■ **Problem requirements**:
Please restate word for word all lines from the one containing "Thực hiện Chương" to the final line of the entries, and include no pictures.
Provided data section start
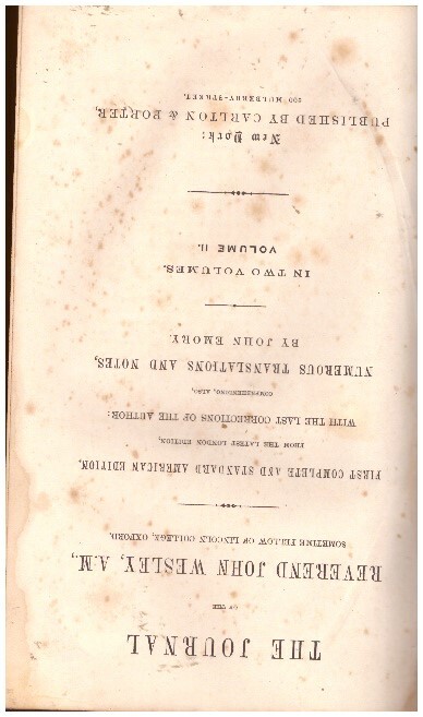Reverend John Wesley Journal Volume 2 A M 1837 Edition
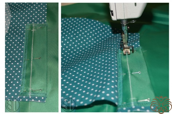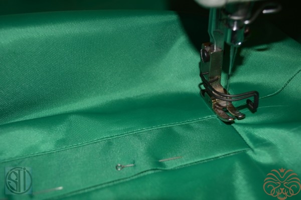 - расправляя подкладку (чтобы не зашить ее!) выполняем отделочную строчку по шву притачивания листочки.
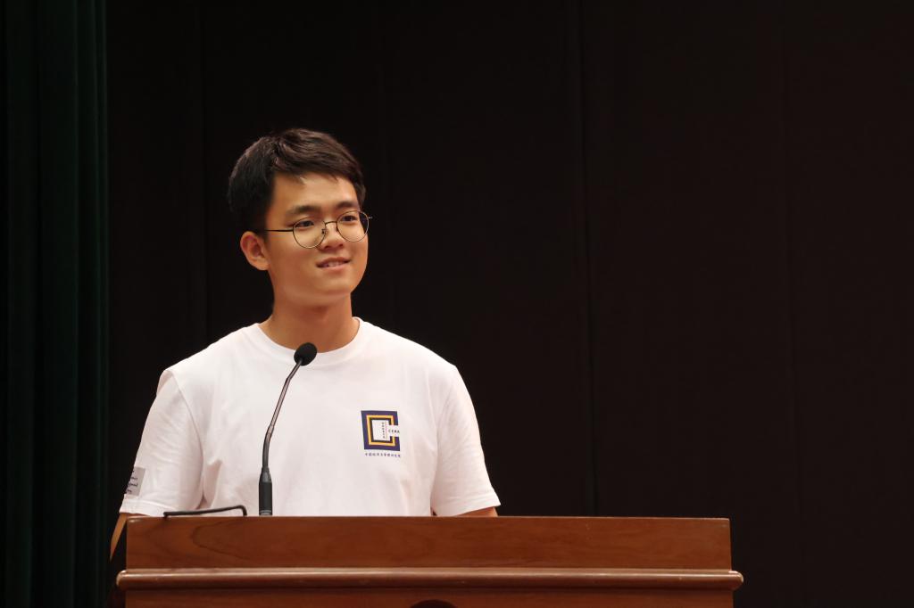 中国公共财政与政策研究院2024级硕士研究生徐梓越作为研究生新生代表发言。他分享了在中财大本科学习的收获和继续深造的期待,表示将满怀信心勇气、一往无前,不懈探索、久久为功,自强不息、志存高远,在创发大家庭度过充实而难忘的研究生生涯,向着心中的目标不断前行。
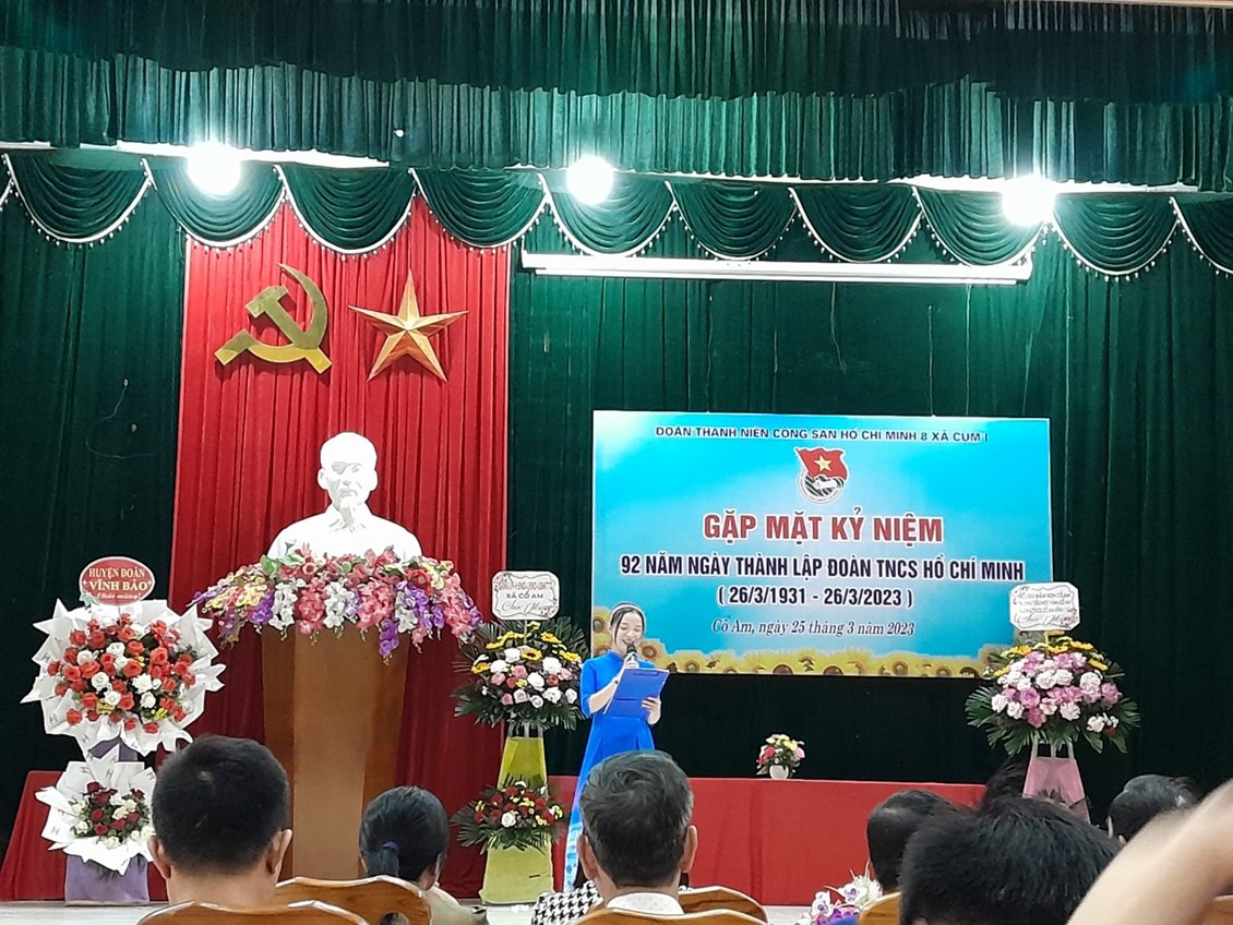 Thực hiện Chương trình công tác năm 2023; Thực hiện kế hoạch số 10-KH/ĐTN ngày 21/02/2023 của BCH Huyện đoàn Vĩnh Bảo về việc tổ chức các hoạt động tháng Thanh niên 2023 chào mừng kỉ niệm 92 năm ngày thành lập Đoàn TNCS Hồ Chí Minh (26/03/1931-26/03/2023). Được sự nhất trí của Huyện đoàn Vĩnh Bảo, Đảng uỷ - UBND - UBMTTQ Việt Nam xã Cổ Am, buổi chiều ngày 25/03/2023, Đoàn TNCS Hồ Chí Minh 8 xã Cụm I đã tổ chức thành công chương trình "Gặp mặt kỉ niệm 92 năm ngày thành lập Đoàn TNCS Hồ Chí Minh (26/03/1931-26/03/2023)".
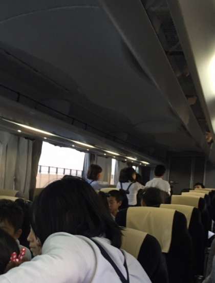 4時すぎ、岡山のホテルに向け、バスに乗りました。バスレクの続きが始まりました。
Provided data section end
■ **Completed task**:
 Thực hiện Chương trình công tác năm 2023; Thực hiện kế hoạch số 10-KH/ĐTN ngày 21/02/2023 của BCH Huyện đoàn Vĩnh Bảo về việc tổ chức các hoạt động tháng Thanh niên 2023 chào mừng kỉ niệm 92 năm ngày thành lập Đoàn TNCS Hồ Chí Minh (26/03/1931-26/03/2023). Được sự nhất trí của Huyện đoàn Vĩnh Bảo, Đảng uỷ - UBND - UBMTTQ Việt Nam xã Cổ Am, buổi chiều ngày 25/03/2023, Đoàn TNCS Hồ Chí Minh 8 xã Cụm I đã tổ chức thành công chương trình "Gặp mặt kỉ niệm 92 năm ngày thành lập Đoàn TNCS Hồ Chí Minh (26/03/1931-26/03/2023)".
 4時すぎ、岡山のホテルに向け、バスに乗りました。バスレクの続きが始まりました。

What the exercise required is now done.